There is a growing body of literature that highlights the importance and impact of caring, compassion, and empathy on team and clinical outcomes.15 However, some of the barriers to providing compassionate care, including clinician beliefs that their technical skills and academic preparation are the most important things they bring to health care and skepticism about patient experience and workforce data, can create formidable challenges. Additionally, there are some individuals who believe that empathy and compassion cannot be taught. In fact, research demonstrates that they can.16 Think about your transition to practice after graduating from nursing school. When your first patient passed away, or you had to interact with patients and families to deliver distressing news, did you feel you had the skills to compassionately and empathetically have those conversations? For many of us, the answer is a resounding no. So then, how did we learn? It might have been through seeing how more experienced caregivers handled those conversations. Or possibly through formal training at different points in our career. The point is that we can and do learn from those interactions and experiences.
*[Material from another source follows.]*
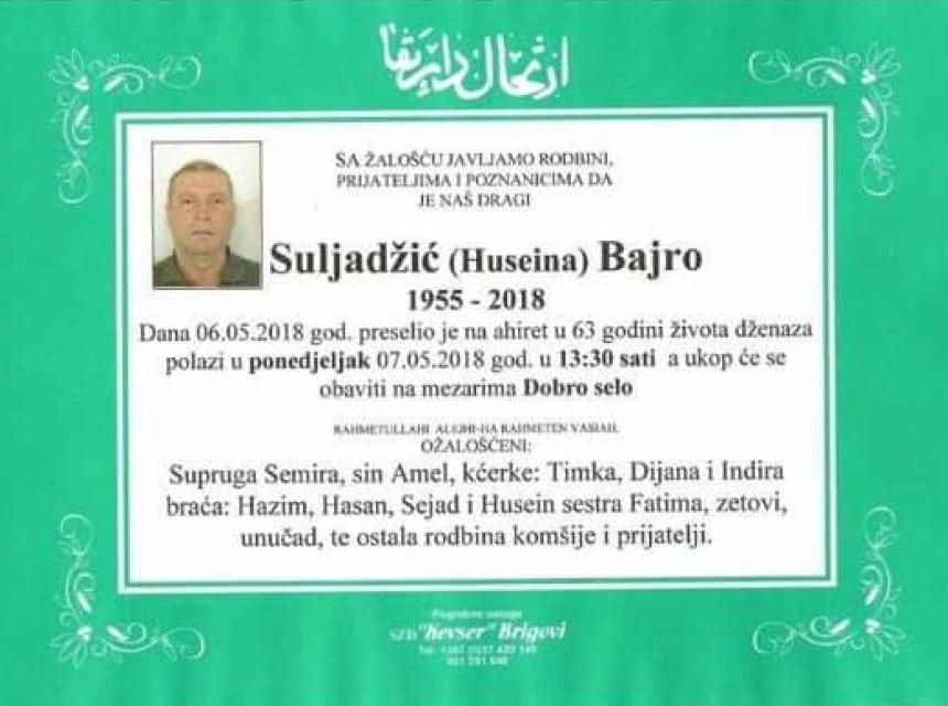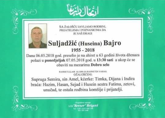 Tužnim srcem i bolom javljamo našim prijateljima da je demobilisani borac Bajro Suljadžić, dana 06.05.2018. godine u 63-oj godini života preselio na Ahiret.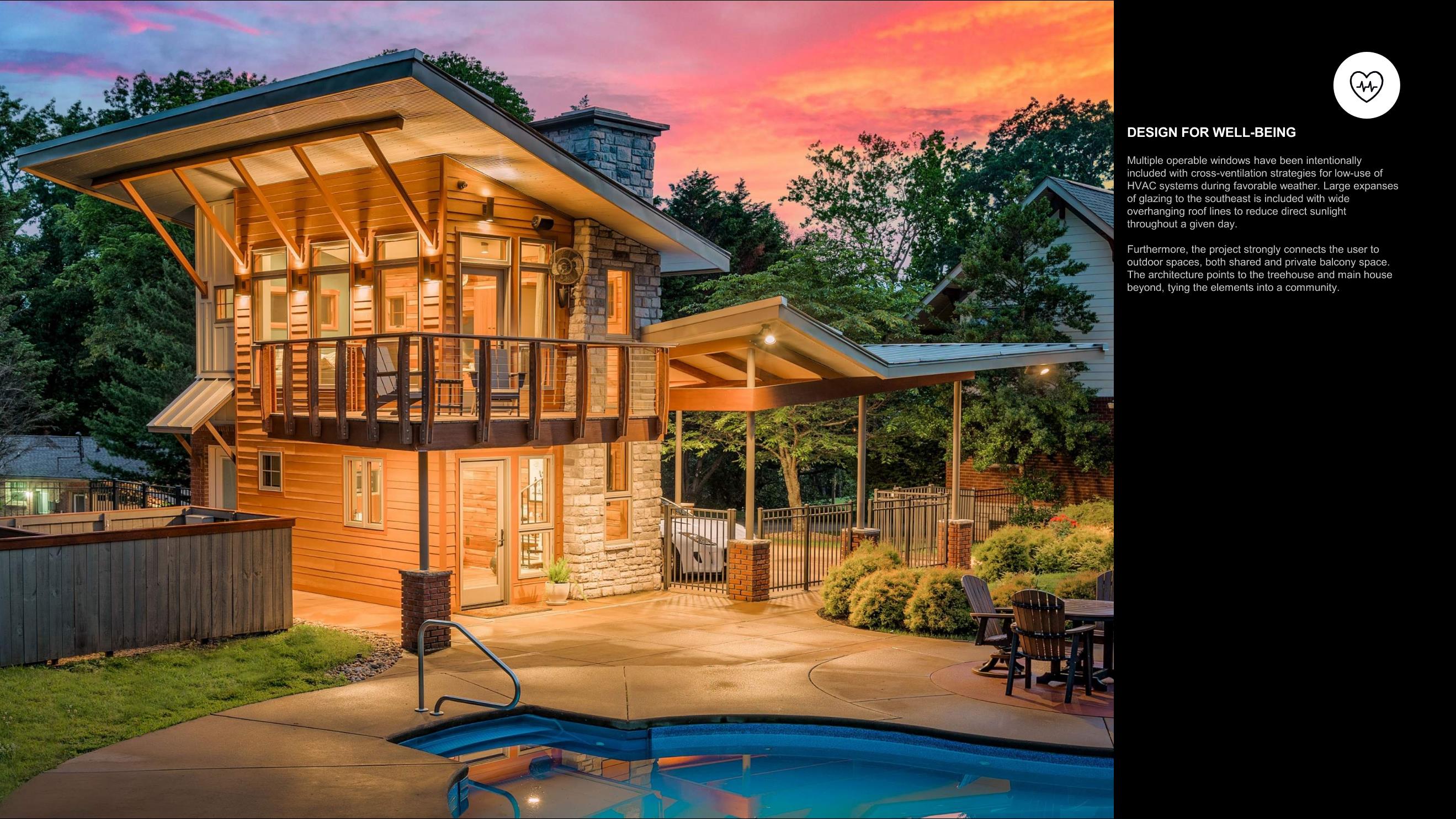Well-Being - Multiple operable windows have been intentionally included with cross-ventilation strategies for low-use of HVAC systems during favorable weather. Large expanses of glazing to the southeast is included with wide overhanging roof lines to reduce direct sunlight throughout a given day. Furthermore, the project strongly connects the user to outdoor spaces, both shared and private balcony space. The architecture points to the treehouse and main house beyond, tying the elements into a community.

Let's fast-forward to the present. Many of us say that as nurses, we are data driven and use data to ensure we are employing best practices in caring for patients and families. This certainly holds true for technical skills. If data demonstrates that catheter-associated urinary tract infection rates are rising, a root cause analysis is conducted to identify any unintentional lapses in practice. Those findings are then used to alter clinical practice as needed to ensure that the issue is corrected. Does the same hold true when we see that patient experience scores or employee engagement scores are not where we want them to be? We have to start thinking about caring, empathy, and compassion as a skill set that is just as important to achieving great outcomes as our ability to provide technical care of variable complexity. We must learn how to better leverage patient experience and workforce data to strengthen our knowledge, skills, and abilities with respect to caring behaviors in a concrete and proactive way, and then build on the caring and empathy skills we already have and apply them consistently within teams and in caring for patients and families. Organizations should not be focusing on survey scores as the main event. Instead, organizations and leaders should focus on advancing a human experience strategy by investing in their staff and teams and prioritizing the implementation and sustainment of a robust caring model that includes best practice behaviors. Once those vital structures and processes are in place and being employed by teams and leaders, the scores will follow.